Польское восстание было подавлено быстро и жесточайшим манером. Надежды на вспышки крестьянских восстаний не оправдались. По мнению большей части руководства «Земли и Воли» исключительно из-за того, что не удалось подобрать к их сердцам и душам подходящих ключей. Высокие идеалы либерализма, всеобщего бессословного собрания и прочие были для простого люда малопонятными, неинтересными. Следовательно, требовалось в очередной раз изменить программу «Земли и Воли», которая после печальных итогов польского восстания и очередной стадии арестов и ссылок окончательно слилась с «Московским обществом» Ишутина и вобрала в себя ещё несколько кружков. Вобрав, стала не просто самой крупной, но чуть ли не единственной действительно влиятельной революционной организацией империи. Это несло в себе как возможности, так и риски.
Риски беспокоили членов исполнительного комитета всё сильнее и сильнее. Раз «Земля и Воля» постепенно становилась чуть ли не единственной крупной революционной организацией – власти просто обязаны были бросить на её полный разгром все силы. Или сперва на раскол, а уже потом разгром более мелких осколков. Оттого члены комитета и спешили встроить в свою «партийную программу» новые идеалы, более понятные тем. на кого планировали опереться. Так опереться, чтобы даже после более чем вероятного разгрома «Земли и Воли» в целом, её осколки смогли бы вновь собраться воедино, как капли ртути… при первой же удобной возможности.
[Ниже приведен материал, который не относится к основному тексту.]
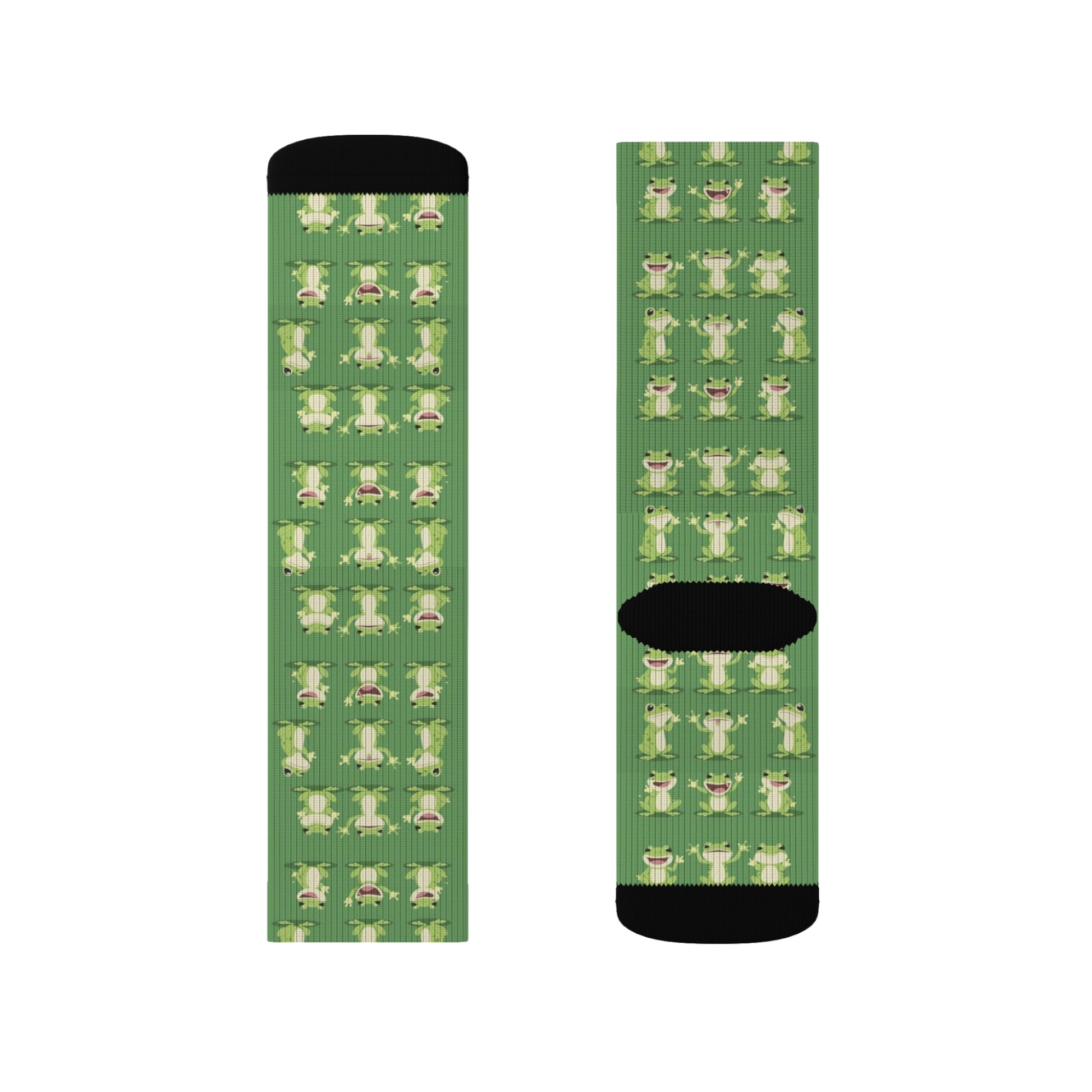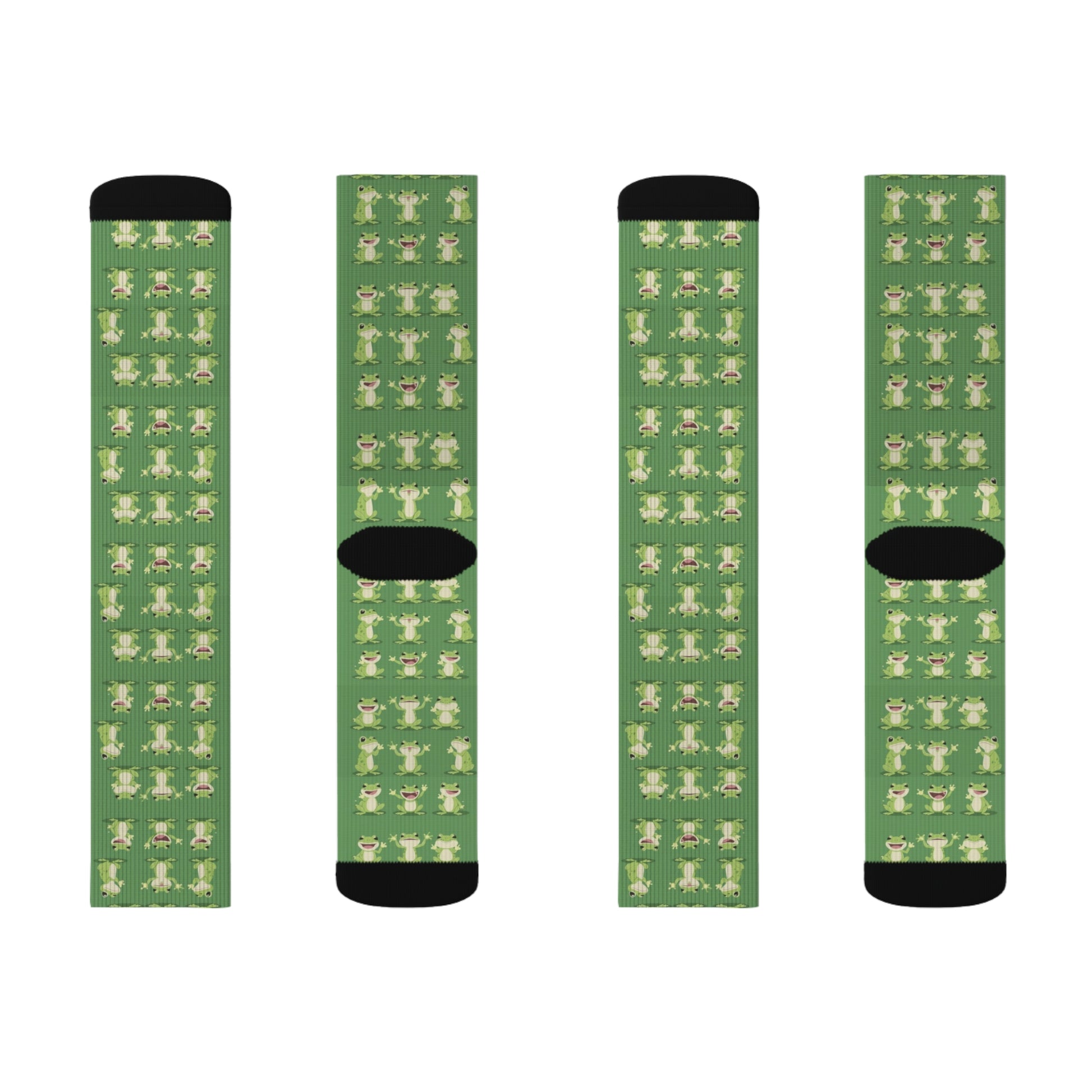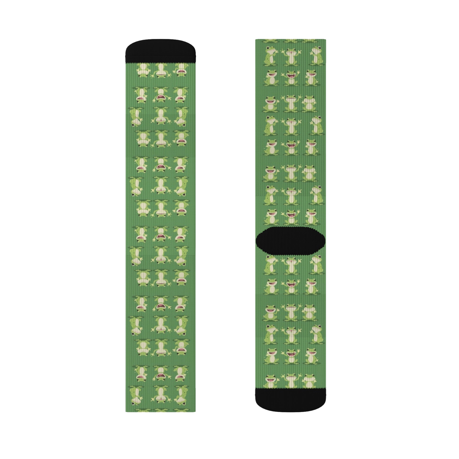 Frog Socks, Poses Green Funny Crew Sublimation Women Men Designer Fun Novelty Cool Funky Crazy Casual Cute Unique Dress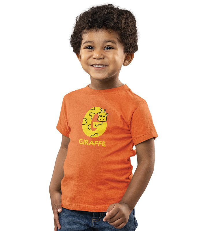 Giraffe, Boys Printed Crew Neck Tshirt (Orange)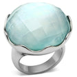 High polished (no plating) Stainless Steel Ring with Synthetic Synthetic Glass in Sea Blue

Идеалы. В сравнении с первоначальным вариантом это было не одним, а сразу несколькими шагами вперёд в не самом ожидаемом направлении. Стремясь заполучичь поддержку масс народных, «Земля и Воля» в своём обновлённом и слившемся составе опёрлась на передачу крестьянству земли в равных долях, полное общинное управление той самой землёй, а ещё… Ещё громко так заявила о правах всех входящих в империю наций на самоопределение. Всех наций, включая польскую, кавказские и туркестанские. Подобным ходом… ходами Исполнительный комитет надеялся привлечь на свою сторону одновременно крестьянство, едва-едва замиренных поляков и всю ораву инородцев, по существу проживающих в колониях на имперских окраинах. Этим же – а то, что обновленная программа уже стала известна полиции и Третьему Отделению сомневаться не стоило – организация поставила себя, как это говорилось за океаном, «вне закона».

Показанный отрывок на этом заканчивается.